The lion saw me, and it thought: I am about to die.
We stared at each other for a few seconds, and then the mountain lion ran off, spooked. I decided I didn’t need to pee after all and went back into my tent and went to sleep. I didn’t think to mention it to anyone the next morning, and truth be told I wasn’t sure how I could really get across the feeling I had had, how I could share the purity of that experience with mere words and expressions. It’s many years later now and the passage of time has dulled the experience to the point that sometimes I can hardly be sure if this actually happened. So much of the surrounding time has gone fuzzy in my mind, half-recalled details jostling with modern-day fact checking and recollections of recollections for space in my brain.

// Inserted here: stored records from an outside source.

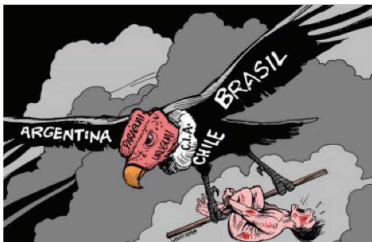
Operation Condor: US-Backed Conspiracy to “Kidnap, Disappear, Torture and Kill” Latin American Opponents of Dictatorships. http://bit.ly/1NxxAV

nationals from the Southern Cone countries plus Bolivia as part of the repression network called Operation Condor. 10 One of the latest reports from the Argentine prosecutions office details in all 2,166 people accused of crimes against humanity, of which about half are in detention, with around 13 percent having received sentences (Argentine Ministerio Público Fiscal 2015). The trials in Argentina are still ongoing.
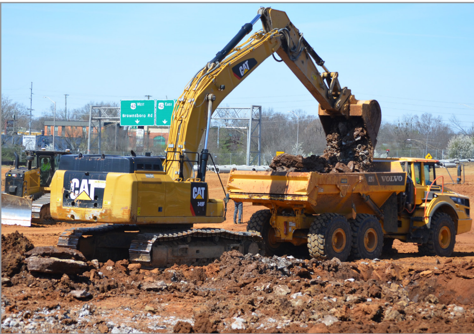
Earthwork is one of the main activities that has taken place on the site up to this point to sculpt the site in preparation for upcoming structure construction activities.
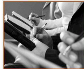
Brand and Corporate Comms »
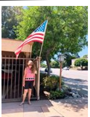
A moment of silence 5/25/20 3:00 pm GOD BLESS AMERICA
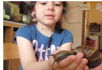
Handling our pets

We go on walks around the local area and on trips further afield in a mini-bus. Our Forest School trips are invaluable for supporting children's knowledge of the natural world. Computers, cameras and programmable toys are available to the children along with a wide range of resources for experimenting with, to explore concepts like light and dark, temperature, magnetism and gravity.
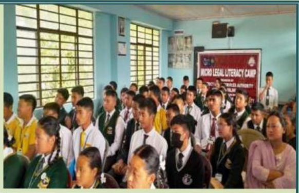
Government Senior Secondary School, Lingchom, Gyalshing District

And with time, logic has crept back into my memories. How can I be sure I saw a mountain lion? I remember something that looked like a large cat, but humans seem to be predisposed to seeing large cats where they aren’t, and why would a mountain lion be scavenging around a campsite? Am I sure I didn’t just see a fox? Assuming it was a mountain lion and it had leapt at me, I don’t imagine I would have continued to accept my fate. I was young and healthy and at peak fitness, and probably stood a better than even chance of fighting off a hungry mountain lion if I survived the initial lunge, and I am sure my instinct to survive would have quickly overridden my tranquility. How sure am I that this even happened? It’s unlike me to have not told anyone about this in the slightest. The presence of a mountain lion in the camp goes against everything else our guide told us about mountain lion behaviour. Could I have made this up out of whole cloth in the years since? And so, the passage of time breeds uncertainty and doubt, and slowly whittles away the truth of experience.
But that feeling, looking into those bright eyes across a dark campsite, will never dull. On some level, I have never been as closely connected to another creature as I was for a few seconds on that night, when I knew beyond any possible doubt that I was dead.

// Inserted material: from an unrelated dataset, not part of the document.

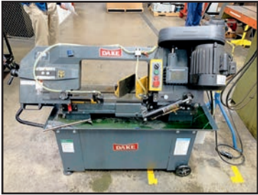
DAKE SE912 HORIZONTAL BANDSAW

Taste: Very good. The caramel taste does just come through under the chocolate. At no point did I get a mouthful of salt, which is a bonus. It’s a shade too rich overall, and I did have difficulty finishing the whole thing. Ok, that’s a lie, I didn’t have any actual difficulty, but that small part of my brain that takes note of my inability to eat sensibly did start going “This is too rich, please don’t eat it all”. I ignored it, as usual. 9/10
Texture: Mmm, so thick and rich and indulgent, exactly what I wanted at the end of the week. It is almost too thick at times – it doesn’t quite fall into the trap of becoming actually chewy, but it’s a bit cloying in the mouth at the end. 9/10
Presentation: It looks ok, I like the cross-section, but there’s nothing else very special to say about it really. 3/5
Value: One (minor) issue with going back to the same place a few times is the need for consistency in my value rankings. This was £2.50, same as the Galeta blondie, and I feel it’s comparable value. 8/10
Fudge Factor: I like Galeta, I like this brownie, I like the server and I loved the fact that she felt the need to apologise for not offering a discount because I didn’t work at the Southbank Centre? I mean… I didn’t ask for a discount, I didn’t need or expect one, and it’s just really cute that she thought this needed an apology. 3/5
Final Total: 32
Should I Buy And Eat This Brownie?
Oh, were you expecting me to be more long-winded for some reason? Well, not today. Go read an encyclopedia.